HeyToken AI DOCS
Developer Hub

Build with the world's best AI models.

Access all models through a single, OpenAI-compatible gateway. Sub-millisecond routing, unified billing, and 100% SDK compatibility.

Quickstart

Get up and running in less than 60 seconds using the official OpenAI SDKs.

from openai import OpenAI

client = OpenAI(
    api_key="sk-ht-xxxx",
    base_url="https://api.heytoken.ai"
)

response = client.chat.completions.create(
    model="gpt-4o",
    messages=[{"role": "user", "content": "Hello!"}]
)

print(response.choices[0].message.content)

Authentication

All API requests must include your API key in the Authorization HTTP header. You can generate and manage your keys in the API Keys dashboard.

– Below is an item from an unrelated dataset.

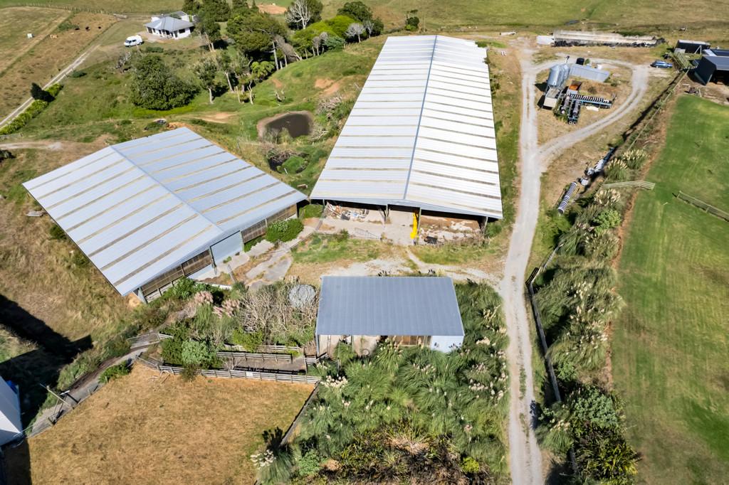 The sheds include a 100mx 26m solidly constructed building with concrete floor together with a second smaller version at 36mx26m. Also a three bay ex milking shed, a 5 bay implement shed, a second ex milking shed (currently converted to an abattoir) plus three large feed storage silos.

Authorization: Bearer sk-ht-xxxxxxxxxxxx

Protect your Secret Key

Your API key carries the same privileges as your account. Never share it, commit it to version control, or use it in client-side code.

Chat Completions

POST
/v1/chat/completions

Generate intelligent responses using state-of-the-art language models. Our API supports high-performance streaming (SSE) and multimodal inputs.

Request Parameters

ParameterTypeDescription
modelRequired
string

ID of the model to use. See /v1/models for a full list.

messagesRequired
array

A list of messages comprising the conversation.

stream
boolean

If true, partial message deltas will be sent via SSE.

Default: false

temperature
number

Sampling temperature between 0 and 2.

Default: 0.7

max_tokens
integer

The maximum number of tokens to generate.

reasoning
boolean

Enable chain-of-thought for supported models (O1/DeepSeek).

Default: false

Response Formats

Standard JSON (Non-streaming)

{
  "id": "chatcmpl-123",
  "object": "chat.completion",
  "created": 1677652288,
  "model": "gpt-4o",
  "choices": [{
    "index": 0,
    "message": {
      "role": "assistant",
      "content": "Hello!"
    },
    "finish_reason": "stop"
  }],
  "usage": {
    "prompt_tokens": 9,
    "completion_tokens": 12,
    "total_tokens": 21
  }
}

Streaming (Server-Sent Events)

# data: prefix for each chunk
data: {"choices":[{"delta":{"content":"Hello"},"index":0}]}
data: {"choices":[{"delta":{"content":" world"},"index":0}]}
data: [DONE]

Tip: Set stream: true to significantly reduce perceived latency (Time To First Token).

Embeddings

Convert text into high-dimensional vectors for semantic search, clustering, and RAG applications.

cURL Example

curl https://api.heytoken.ai/embeddings   -H "Content-Type: application/json"   -H "Authorization: Bearer sk-ht-xxxx"   -d '{
    "input": "The food was delicious and the service was excellent.",
    "model": "text-embedding-3-small"
  }'

Image Generation

Create high-resolution images from text prompts using DALL-E 3, Midjourney, and Stable Diffusion.

POST /v1/images/generations
Key Features
  • Multiple aspect ratios
  • HD quality support
  • Style consistency

Example Request

{
  "model": "dall-e-3",
  "prompt": "A futuristic city at sunset",
  "size": "1024x1024",
  "quality": "hd"
}

Video Generation

Generate cinematic videos from text or images using Sora, Runway, and Kling.

POST /v1/videos/generations
Asynchronous API
  1. 1.Submit a generation task to receive a task_id.
  2. 2.Poll the status endpoint or wait for a webhook callback.
  3. 3.Download the high-quality MP4 result once completed.

Realtime Voice (Beta)

Low-latency, full-duplex voice interactions using OpenAI Realtime and Google Gemini Multimodal.

This endpoint requires a WebSocket connection. Documentation for the /v1/realtime socket protocol is available upon request for Enterprise customers.

Rate Limits

Enforced to ensure fair usage and system stability across all developers.

RPM

100

Requests per min

RPH

1,000

Requests per hour

TPM

100k

Tokens per min

Concurrency

10

Active streams

Errors & Handling

We use standard HTTP status codes. A successful request returns a 2xx status code.

401
Unauthorized

Invalid or missing API key. Check your Authorization header format.

402
Payment Required

Insufficient balance. Top up your credits in the Billing section.

404
Not Found

The requested model or endpoint does not exist.

429
Rate Limit

Too many requests. Please implement exponential backoff.

500
Server Error

Upstream provider is temporarily down. Our system will auto-retry another channel.

503
Overloaded

The model is currently experiencing high traffic. Try again in a few seconds.

Best Practices

  • 1
    Use streaming for a better user experience in chat applications.
  • 2
    Implement timeouts (recommended 30-60s) to handle long-running generations.
  • 3
    Set max_tokens to control costs and prevent unexpected usage spikes.
  • 4
    Cache frequent requests to reduce latency and save on token costs.